WHAT IS NEEDED:
What you give back must match the data exactly, minus the pictures.

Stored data
☆ ☆ ☆ ☆
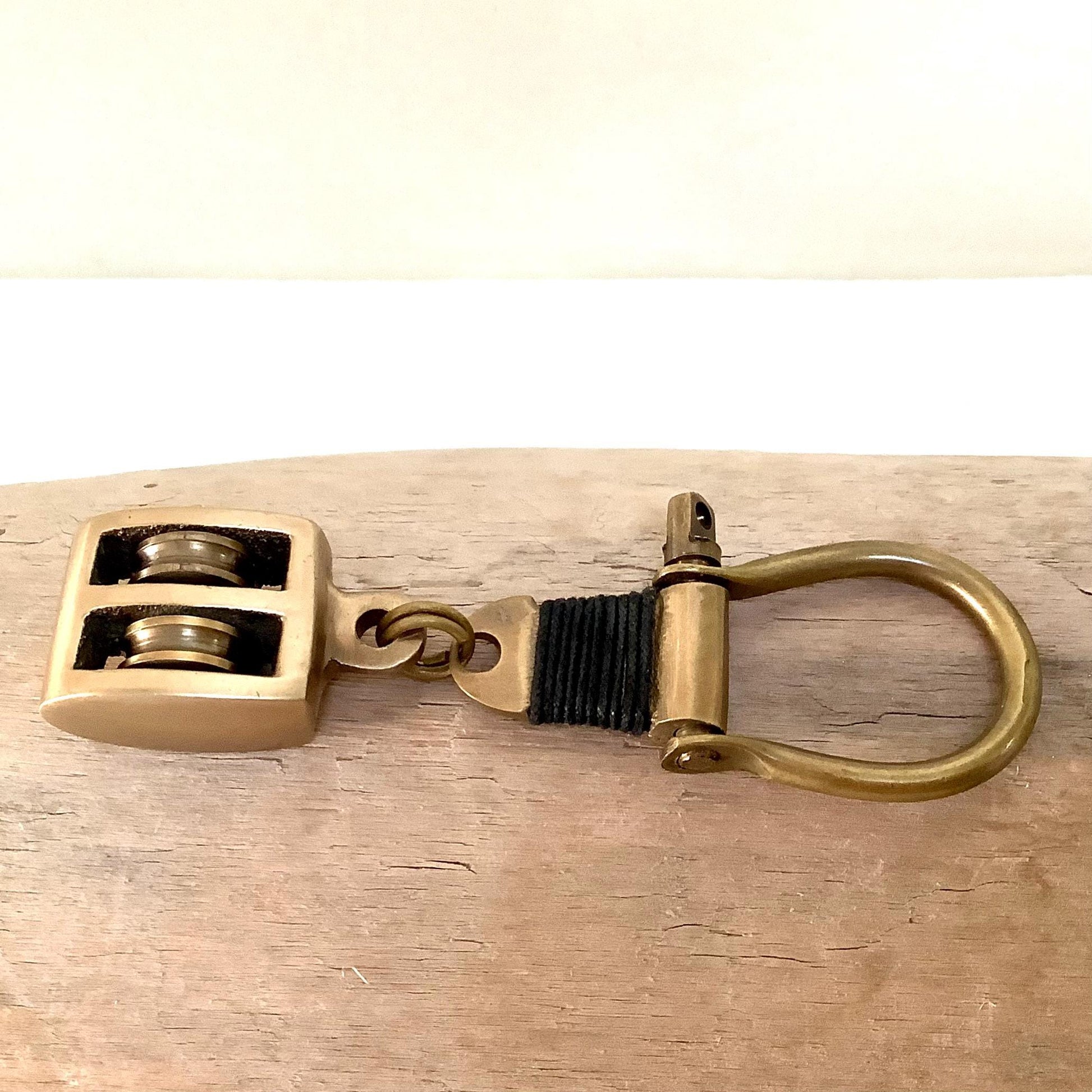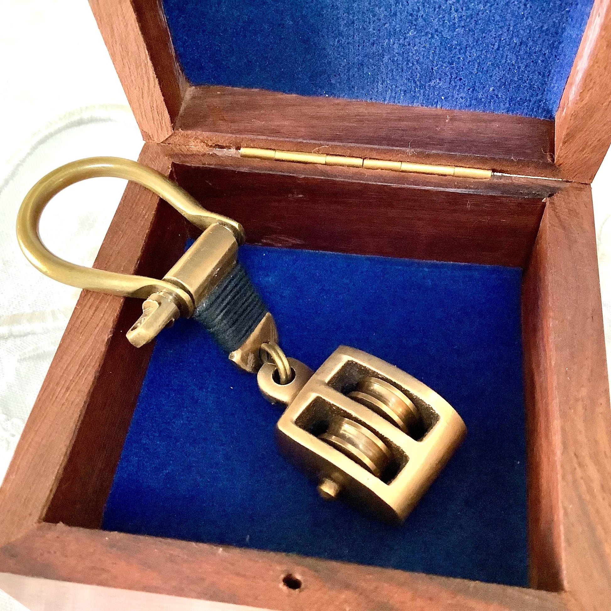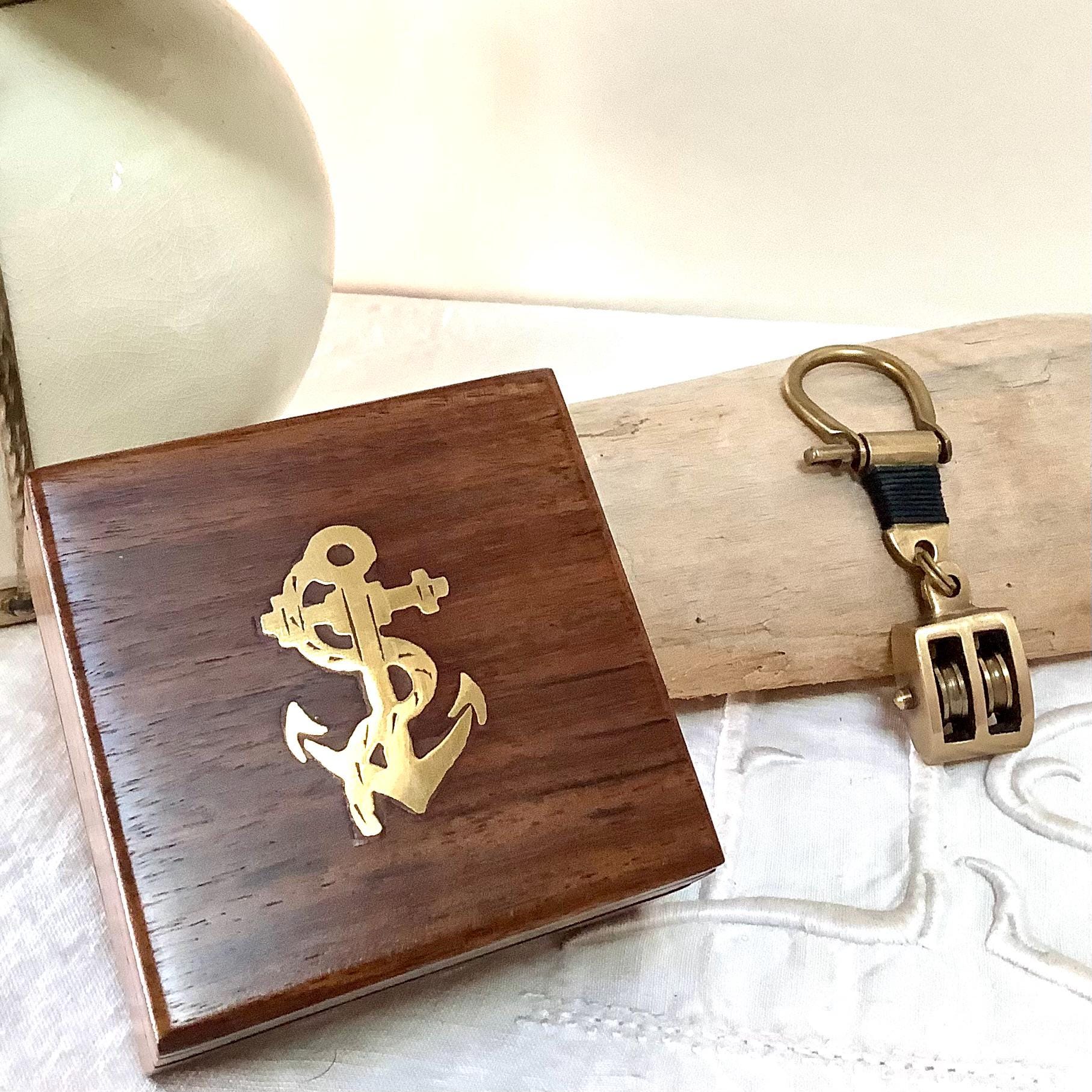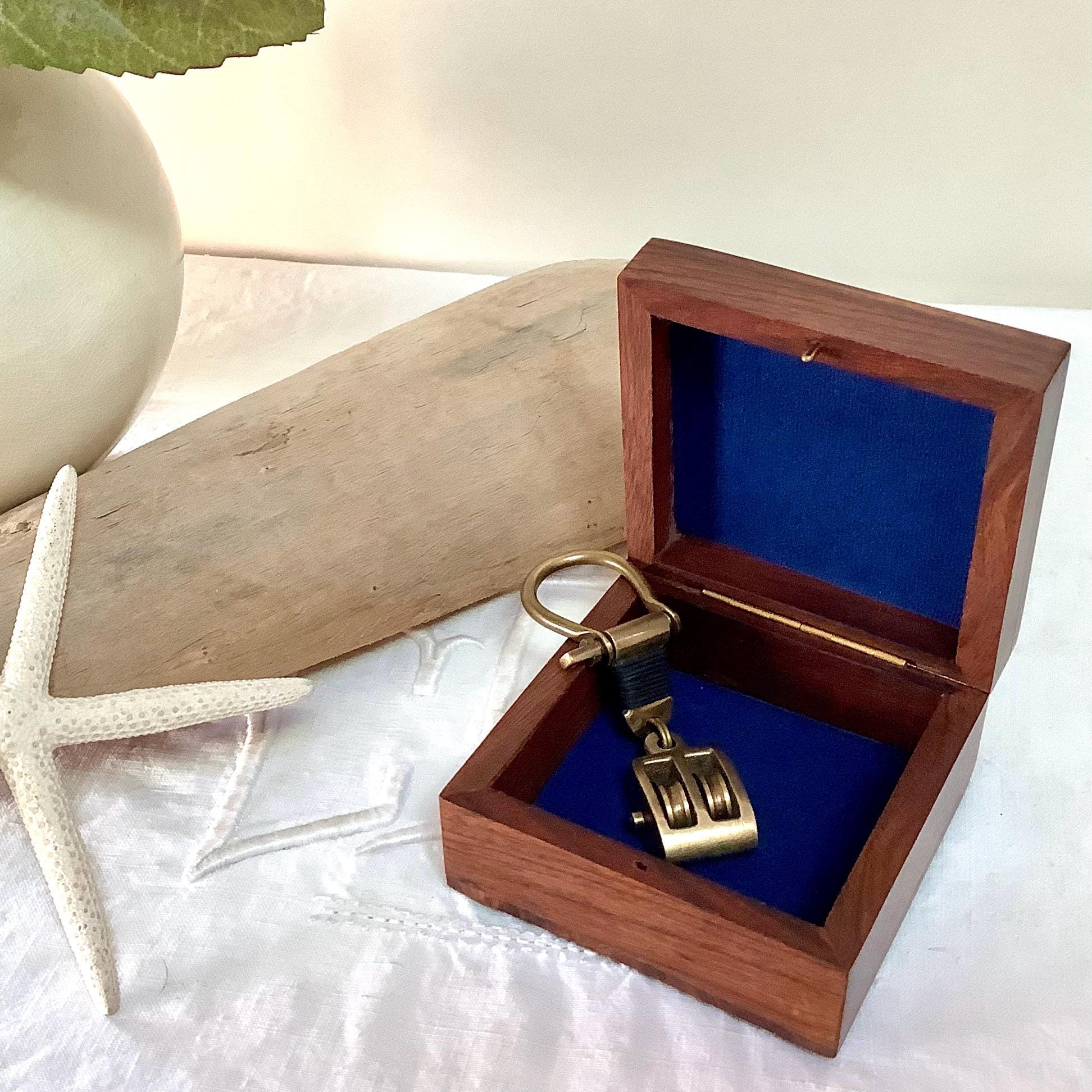 Porte clés marin poulie laiton vieilli vintage boîte palissandre
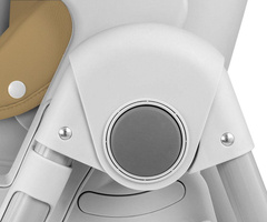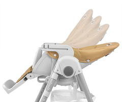 El tapizado de la silla está hecho de piel ecológica y además tiene un suave cojín para los más pequeños. Para la seguridad del niño, está equipada con arneses ajustables de 5 puntos y una barrera adicional contra deslizamientos. En la parte posterior del respaldo hay un asa para colgar la bandeja. El respaldo y el reposapiés se pueden reclinar hasta la posición horizontal. El asiento se puede elevar o bajar en 7 niveles y las patas tienen ruedas de goma integradas. Toda la estructura se pliega de manera fácil y fluida.
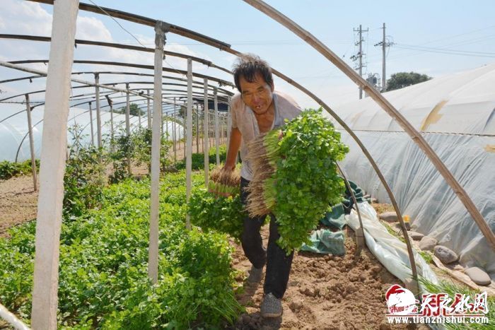 记者在宋庄村蔬菜种植基地看到,渭河川道区内设施大棚星罗棋布,一条条产业路纵横交错通向地头。一块设施基地内,露天种植的香菜鲜翠欲滴,宋庄村村民宋连德将采挖好的香菜扎成捆后,装进停在不远处的农用三轮车内。
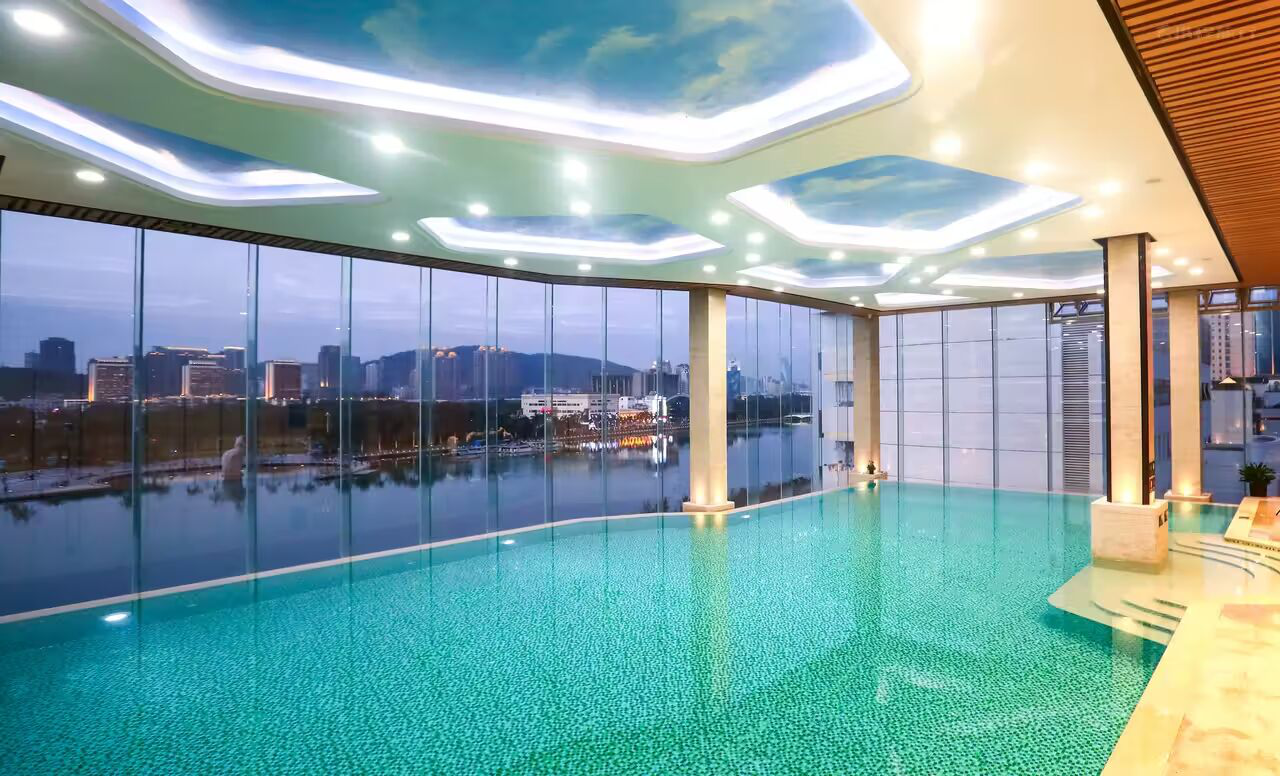 厦门航空金雁酒店恒温无边际泳池,让宾客在畅游的同时可以欣赏美丽的筼筜湖景。
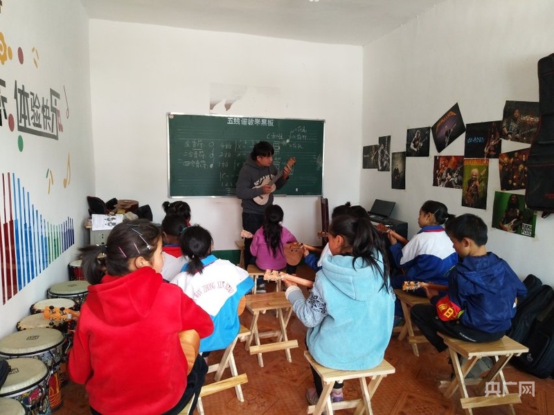 顾亚在教室教孩子们学吉他(央广网发 受访者供图)
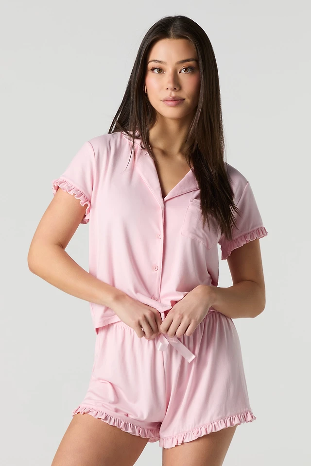 Ensemble-pyjama 2 pièces haut boutonné à volant et short
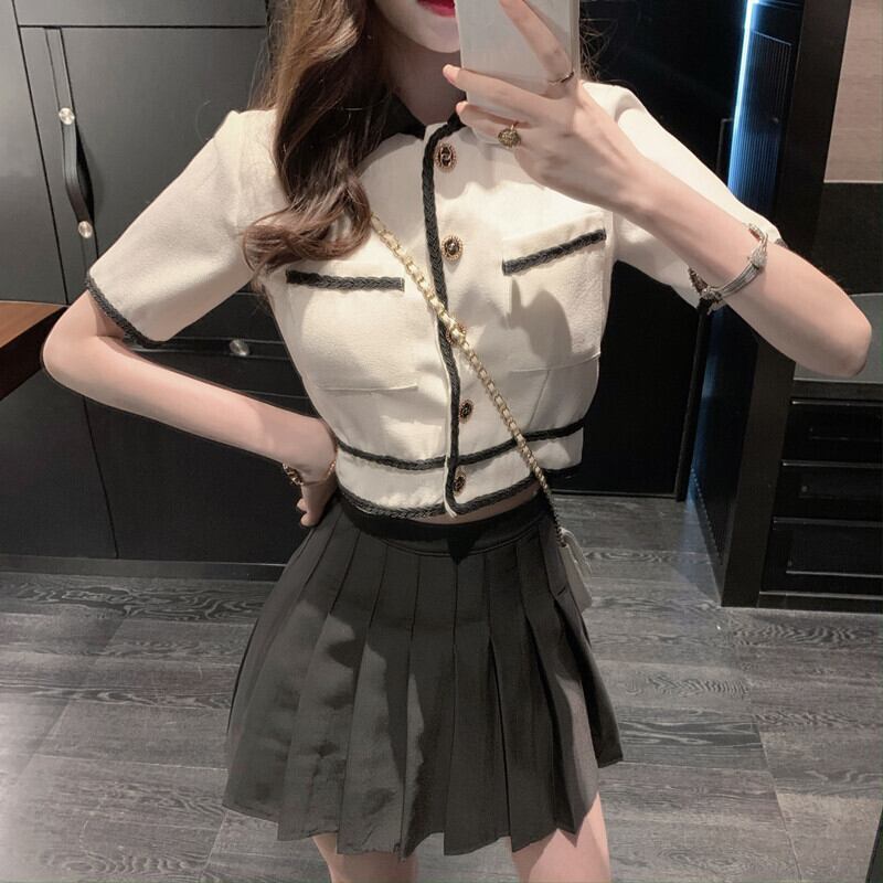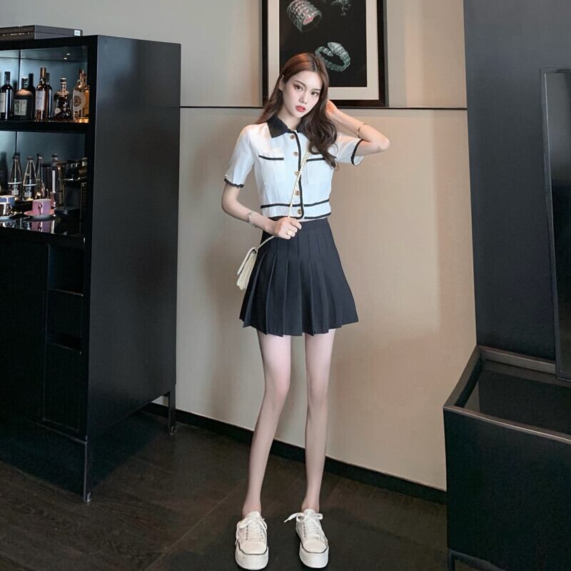 スタイルサマーショートカラートップス ハイウェストプリーツスカート 夏物 Xiaofeijia87914526694
☆ ☆ ☆ ☆
ANSWER:
 Porte clés marin poulie laiton vieilli vintage boîte palissandre
 El tapizado de la silla está hecho de piel ecológica y además tiene un suave cojín para los más pequeños. Para la seguridad del niño, está equipada con arneses ajustables de 5 puntos y una barrera adicional contra deslizamientos. En la parte posterior del respaldo hay un asa para colgar la bandeja. El respaldo y el reposapiés se pueden reclinar hasta la posición horizontal. El asiento se puede elevar o bajar en 7 niveles y las patas tienen ruedas de goma integradas. Toda la estructura se pliega de manera fácil y fluida.
 记者在宋庄村蔬菜种植基地看到,渭河川道区内设施大棚星罗棋布,一条条产业路纵横交错通向地头。一块设施基地内,露天种植的香菜鲜翠欲滴,宋庄村村民宋连德将采挖好的香菜扎成捆后,装进停在不远处的农用三轮车内。
 厦门航空金雁酒店恒温无边际泳池,让宾客在畅游的同时可以欣赏美丽的筼筜湖景。
 顾亚在教室教孩子们学吉他(央广网发 受访者供图)
 Ensemble-pyjama 2 pièces haut boutonné à volant et short
 スタイルサマーショートカラートップス ハイウェストプリーツスカート 夏物 Xiaofeijia87914526694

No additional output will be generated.